During their detention and trial the Dantonistes were incarcerated in the Luxembourg. It was perhaps the least wretched of all the prisons of the Terror, and those who saw them there remember Danton and Philippeaux affecting a kind of forced gaiety. Danton, in particular, seemed resigned to parting from his second wife, Louise, a girl of just sixteen. Camille Desmoulins, however, was uncharacteristically thrown into the deepest dejection at having to separate from Lucile, with whom he remained passionately in love. Whenever she could, she came to see him, standing at the permitted distance, something that gave her husband both intense pleasure and dreadful emotional torment. In his last letter written before his execution, he told his wife that at the sight of her and her mother he had thrown himself against the bars in grief. The letter is astonishing, the outpouring of a man completely undone by sorrow and regret, thrown into the depths of a kind of Romantic phantasmagoria, someone who wants to renounce his whole public life for the possibility of private peace.

My Lucile, ma poule, despite my torment I believe there is a God, my blood will efface my faults, I will see you again one day O my Lucile… is the death which will deliver me from the spectacle of so many crimes such a misfortune? Adieu Loulou, adieu my life, my soul, my divinity on earth… I feel the river banks of life receding before me, I see you again Lucile, I see my arms locked about you, my tied hands embracing you, my severed head resting on you. I am going to die…

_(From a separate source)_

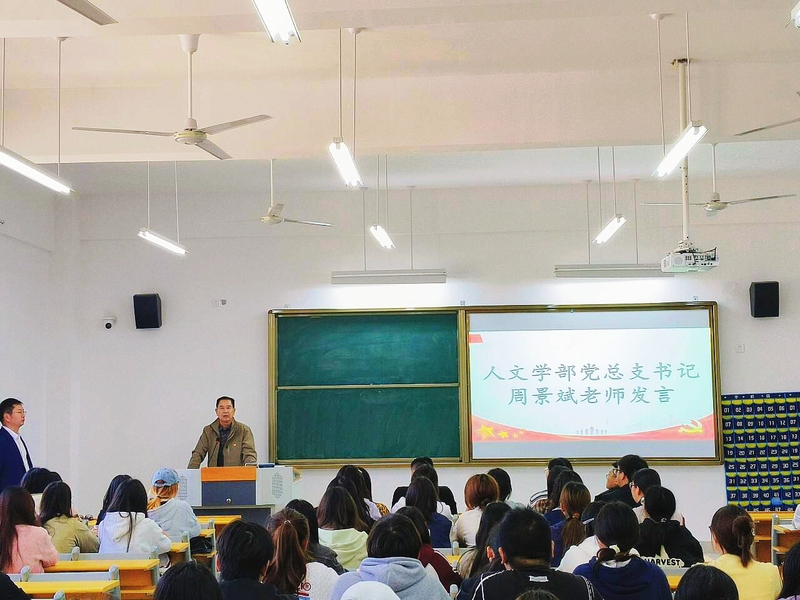 3月25日中午12时,人文学部第35期入党积极分子培训班开班动员大会于J3-101教室举行。本次活动由人文学部党总支主办,旨在加强入党积极分子的思想教育,坚定理想信念。人文学部党总支书记周景斌、团总支书记胡文玉,学生第一党支部书记高悦及辅导员程胜伟、杨峰、张一能、张思思代表出席,75名入党积极分子共同参与。仪式由学生第二党支部书记郭旭林主持。

Still fighting, Danton continued to demand the right to call witnesses. His insistence was so adamant and the public so supportive that, fearing the entire process might collapse, Saint-Just went to the Convention and told them that the prisoners were fomenting insurrection against the court and that Desmoulins’ wife was involved in a plot to murder members of the Committee of Public Safety. Preposterous as all this was, it gave the Committee enough authority to return to the court and have Fouquier proceed to his usual shortcut of “asking” the jury if they had been sufficiently “enlightened.” They had. Knowing he had lost in a final court of appeal, Danton became resigned. In prison, according to Riouffe, who said he heard him through the walls, he voiced regret that he was leaving the Republic in such miserable condition, run by men who had no clue about government. “If only I could leave my balls to Robespierre and my legs to Couthon the Committee might live a little longer.”

On the fifth of April, Danton, Hérault, Desmoulins and the rest went to their death. Watched by a vast and mostly silent crowd, they conducted themselves with great dignity and composure. Danton was determined to show affection and friendship. He and Hérault de Séchelles, the prodigy of the Parlement turned regicide Jacobin, tried to embrace but were roughly separated by the executioner Sanson. “They will not prevent our heads from meeting in the basket,” Danton is reported to have said. But his last remark was better still. As he stood before the plank, his shirt splattered with the blood of his best friends, Danton told Sanson, “Don’t forget to show my head to the people. It is well worth the trouble.”